Personal information
- Full name: Pedro Ochoa Biagorri
- Date of birth: February 22, 1900
- Place of birth: Avellaneda, Argentina
- Date of death: September 5, 1947 (aged 47)
- Place of death: Tandil, Argentina
- Position: Striker

Senior career*
- Years: Team / Apps / (Gls)
- 1916–1931: Racing Club / ? / (?)

International career
- 1927–1928: Argentina / 2 / (0)

Medal record
Men's Football
| Silver medal – second place | 1928 Amsterdam | Team competition |

= Pedro Ochoa =

Argentine footballer

Pedro Ochoa (February 22, 1900 – September 5, 1947) was an Argentine football forward. At club level, he played his entire career for Racing Club, where he won 12 titles with the team.

==Biography==
He debuted with the Racing senior team at the age of 16, soon becoming a fan favourite due to his conditions and skills as a playmaker.

Ochoa played his entire club career for Racing Club, where he won six league championships, 4 national cups and 2 international cups.
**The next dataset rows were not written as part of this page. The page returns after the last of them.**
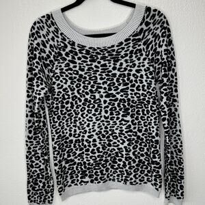 Express Black & Light Gray Leopard Print Boat neck Long Sleeve Thin Sweater M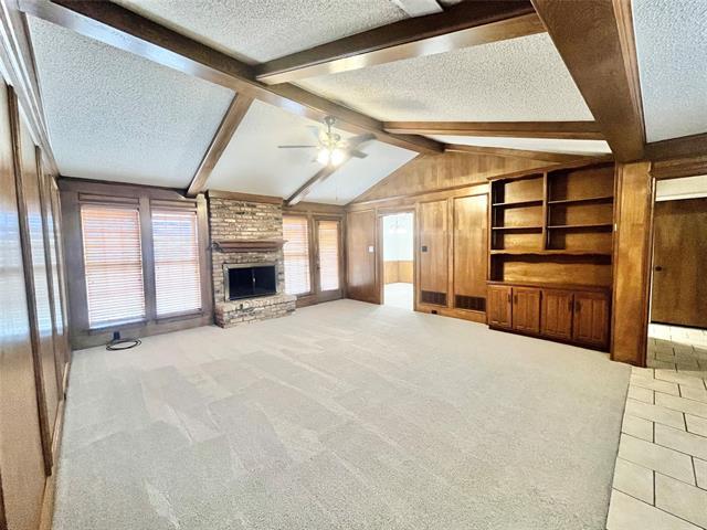 Step into this pristine three-bedroom, two-bath retreat nestled in a peaceful, established neighborhood. The inviting living area welcomes you with custom built-ins, a cozy woodburning fireplace, soaring vaulted ceilings accented by rich wood beams, and elegant picture frame paneling. Enjoy meals in the dining area, bathed in decorative lighting and offering a lovely view of the backyard. The kitchen is a chef's delight, featuring a breakfast bar, electric cooktop, refrigerator, and abundant storage. The spacious primary bedroom boasts an ensuite bathroom with an oversized vanity, while two additional bedrooms and a second bathroom provide comfort for family or guests. A separate utility room with built-in cabinets adds convenience. Step outside to a fenced backyard with a patio area and a handy storage building. The two-car garage and prime location make this home truly special. Come see it for yourself!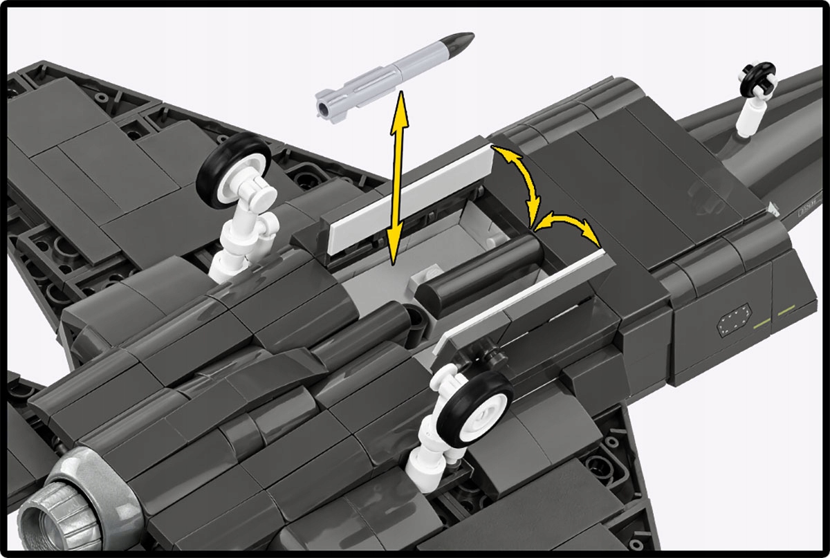 - Gumowe opony i ruchome elementy - Zestaw nie tylko wygląda świetnie, ale także oferuje pełną mobilność. Samolot ma obracane gumowe opony, otwieraną kabinę pilota, ruchome elementy sterownicze i otwierany luk bombowy.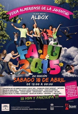 El municipio de Albox acogerá el ... sábado 18 de abril a cientos de jóvenes almerienses procedentes de municipios de toda la provincia de Almería en la XVI Edición de la Feria Almeriense de la Juventud (FAJÚ). Una cita destinada a losjóvenes, de entre los 16 y 30 años organizada por el Instituto Andaluz de la Juventud de la Junta de Andalucía y el Ayuntamiento de Albox. En esta ocasión el punto de encuentro de todos los participantes será la Plaza Mayor, que acogerá una cita donde no faltarán numerosas exposiciones, talleres, conciertos, gimkanas y juegos, entre otras muchas actividades culturales y deportivas. La XVI Edición de Fajú se celebrará desde las 12.00 hasta las 00.00 horas. Durante este periodo de tiempo, los jóvenes tendrán la opción de participar en las siguientes actividades: exhibición street workout, decatlón olímpico, taller de abalorios, taller de chapas personalizadas, creación artística, master class de zumba, conoce Europa, exposiciones y proyecciones. Además, entre las acciones que se están preparando destacan: Dj Profesional, speaker, competición de baile Freestyle, clase de animación salsa, actuación de Beatbox, batalla de gallos y set fotográfico profesional, entre otras. Una vez que caiga la noche, Albox acogerá conciertos musicales para poner el broche de oro a una jornada que ofrecerá todos los ingredientes necesarios para una inolvidable convivencia entre jóvenes de toda la provincia de Almería. Además se proyectarán piezas audiovisuales en el salón de actos Federico García Lorca y se expondrán obras artísticas en el Patio de Luces del Ayuntamiento. Los comercios y locales de la localidad también han querido formar parte de este día histórico para el municipio con descuentos para los participantes en esta Feria Almeriense de la Juventud. Los jóvenes también podrán compartir e intercambiar experiencias, a través de las diferentes propuestas que se pondrán en marcha. La asistencia y participación es gratuita. A la cita, a la que se espera que acudan cientos de jóvenes procedentes de todos los municipios de la provincia de Almería, también acudirán numerosas asociaciones juveniles y culturales, fundaciones, centros de información juvenil municipales y y grupos de corresponsales juveniles que han querido sumarse a una atractiva jornada que entre otras cosas servirá como escaparate de las actividades que se desarrollan durante todo el año en Albox. El alcalde del Ayuntamiento de Albox, Rogelio Mena, ha manifestado que "este año, la Feria Almeriense de la Juventud viaja de nuevo hasta nuestro municipio y nosotros estamos encantados de convertirnos en la sede del evento juvenil más importante del año en la provincia. Los jóvenes son los únicos protagonistas de esta propuesta, ya que su finalidad es fomentar la participación juvenil creando espacios de encuentros y diálogos. Desde el Ayuntamiento de Albox siempre apostamos por fomentar la participación activa de nuestros jóvenes en la sociedad y también necesitamos conocerlos y acercarnos a ellos para diseñar nuestras políticas de juventud". Por su parte, el concejal de Juventud, Francisco Carrillo, ha invitado "a todos los jóvenes tanto de Albox como de otros municipios de la provincia de Almería a que se acerquen el próximo sábado hasta Albox. La programación enmarca actividades culturales, deportivas, talleres y conciertos, entre otras alternativas. Además se ubicarán stands informativos, donde los colectivos darán a conocer las acciones que llevan a cabo en materia de juventud. Esta feria sirve como continuación de las decenas de propuestas culturales y deportivas que el Ayuntamiento de Albox prepara cada año para nuestros jóvenes". Fajú nació en el año 1997 como una jornada formativa e informativa. El programa diseñado para el día 18 de abril prevé una duración de 12 horas aproximadas de convivencia, actividades y trabajo. Sobre las doce de la mañana se tiene prevista la recepción y acreditación de los participantes. A continuación se desarrollarán una primera sesión de talleres en la Plaza Mayor, que se alargará hasta las siete de la tarde. El encuentro juvenil finalizará con los conciertos y las actuaciones.

He was nicknamed "Ochoíta" and El rey de la gambeta (The king of dribbling) due to his outstanding skills with the ball.

He was admired by Carlos Gardel, who sang the tango "Patadura" (a lunfardo word for a "two left feet man") written by José López Ares and Enrique Carrera Sotelo. The tango mentions several notable footballers of those years, such as Ochoa (referring him as Ochoíta), Manuel Seoane, Luis Monti and Domingo Tarasconi (as Tarasca).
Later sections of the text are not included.